So I wanted to post a follow-up to my previous introduction to the umbrix platform, where I was using DSPy for entity extraction in cyber threat intelligence. If you missed that, you can find it here. This recap comes a week after I launched the platform.

Two days into getting Umbrix running optimally, I started running into many problems. I have been extracting a significant volume of entities, relationships, and nodes from my agents to populate in the graph. However, I quickly realized my system was burning through resources - both in terms of rate limits and agent costs.

The original pipeline was elegant but expensive - every piece of content went through DSPy-powered extraction using the _extract_entities method I showed in my previous post. While this gave us high-quality extraction with contextual understanding, processing thousands of feeds daily meant burning through tokens at an unsustainable rate.

At that point, I pivoted to optimize for the highest throughput at the lowest cost. The question became: what’s the most efficient LLM configuration for this specific entity extraction task?

Since I was hosting on GCP, I had access to various model options. While the performance differences for entity extraction were minimal between models, the cost differences were substantial. But honestly, it didn’t matter much because using LLMs for high-volume entity extraction proved expensive regardless of configuration.

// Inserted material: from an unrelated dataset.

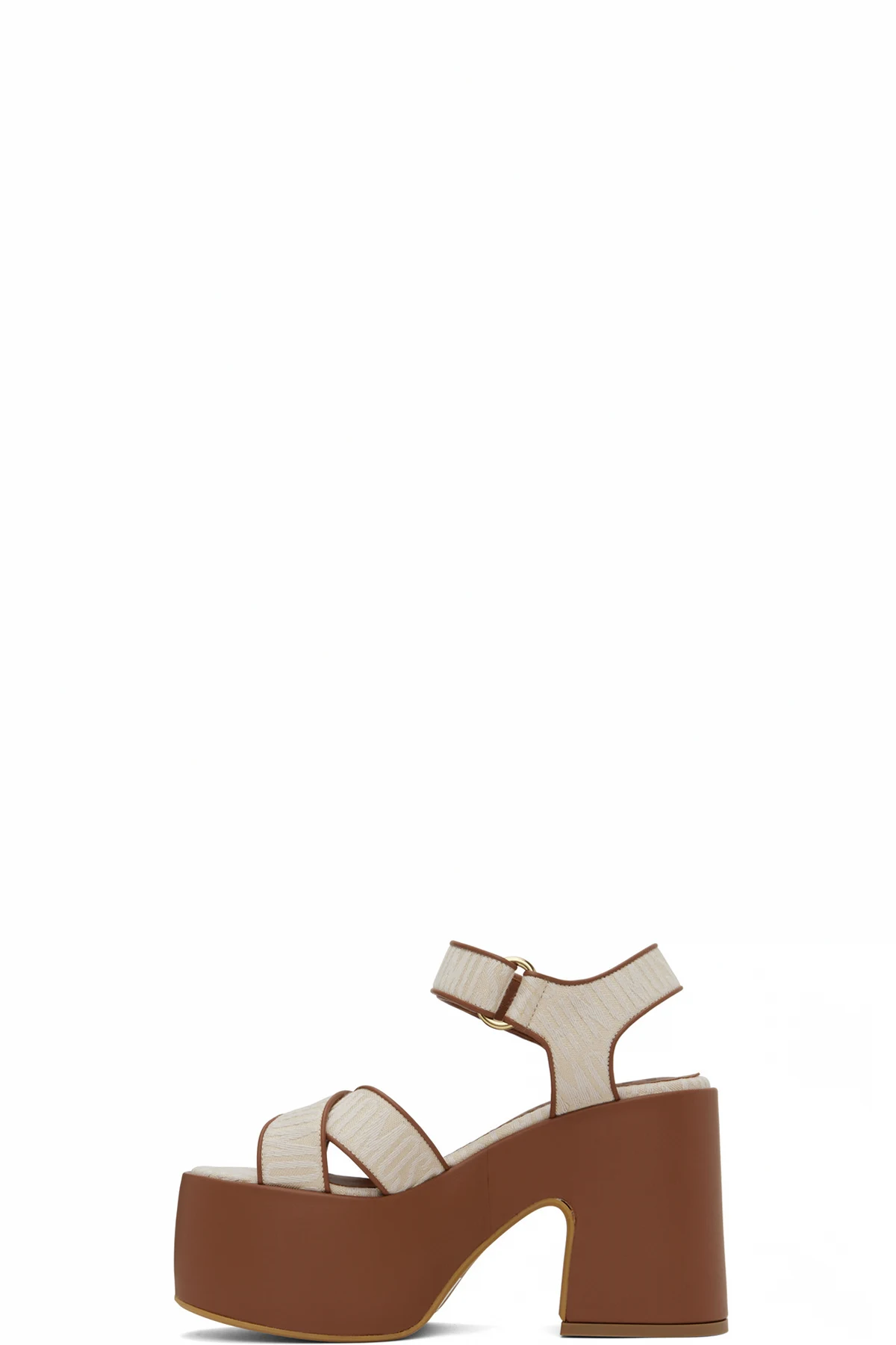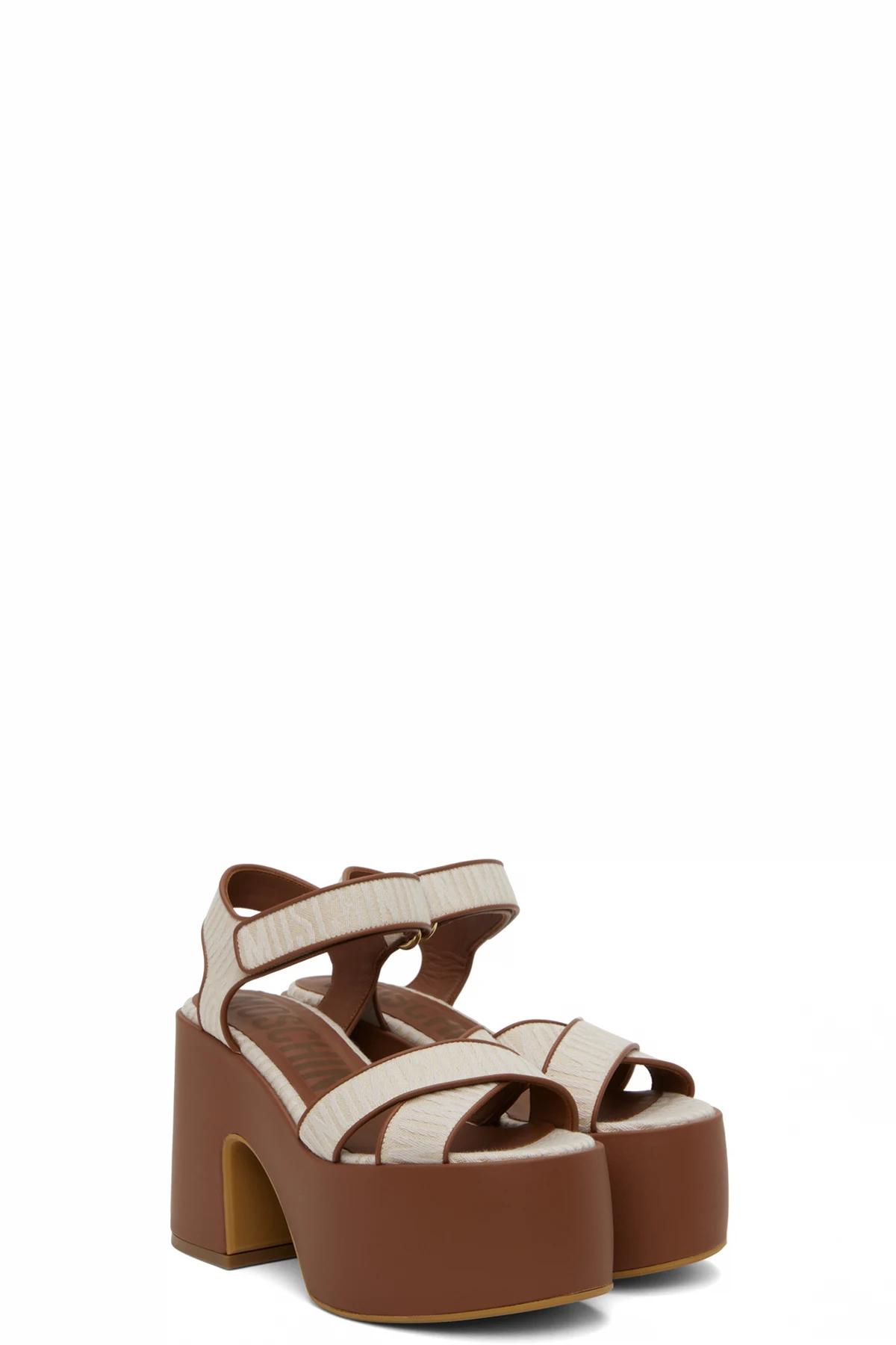 Canvas heeled sandals in beige and brown.

This realization led me to step back and review the literature on state-of-the-art entity extraction techniques. My research pointed toward exploring spaCy and BERT models for entity extraction, which could potentially maintain quality while drastically reducing costs.

The Evolution: From Pure LLM to Hybrid Pipeline

We started with experiments in gradient balancing and multi-task learning, testing different approaches to optimize our extraction pipeline.

The new pipeline architecture leverages a tiered approach:

Tier 1: High-Volume Pattern Matching

First, we run lightweight regex-based extraction for well-defined patterns. This catches the obvious stuff - IPs, domains, hashes, CVEs - without any model inference:

# From our optimized pipeline
def tier1_extraction(text):
    """Ultra-fast pattern matching for common indicators"""
    entities = {
        'hashes': extract_hashes_regex(text),
        'ips': extract_ips_regex(text),
        'domains': extract_domains_regex(text),
        'cves': extract_cves_regex(text)
    }
    return entities

Tier 2: spaCy NER for Named Entities

For threat actors, malware families, and organizations, we use a custom-trained spaCy model. We fine-tuned it on cybersecurity text using data from our initial DSPy extractions.

# Custom spaCy pipeline for cyber entities
nlp = spacy.load("en_cybersec_ner_v2")
nlp.add_pipe("entity_ruler", before="ner")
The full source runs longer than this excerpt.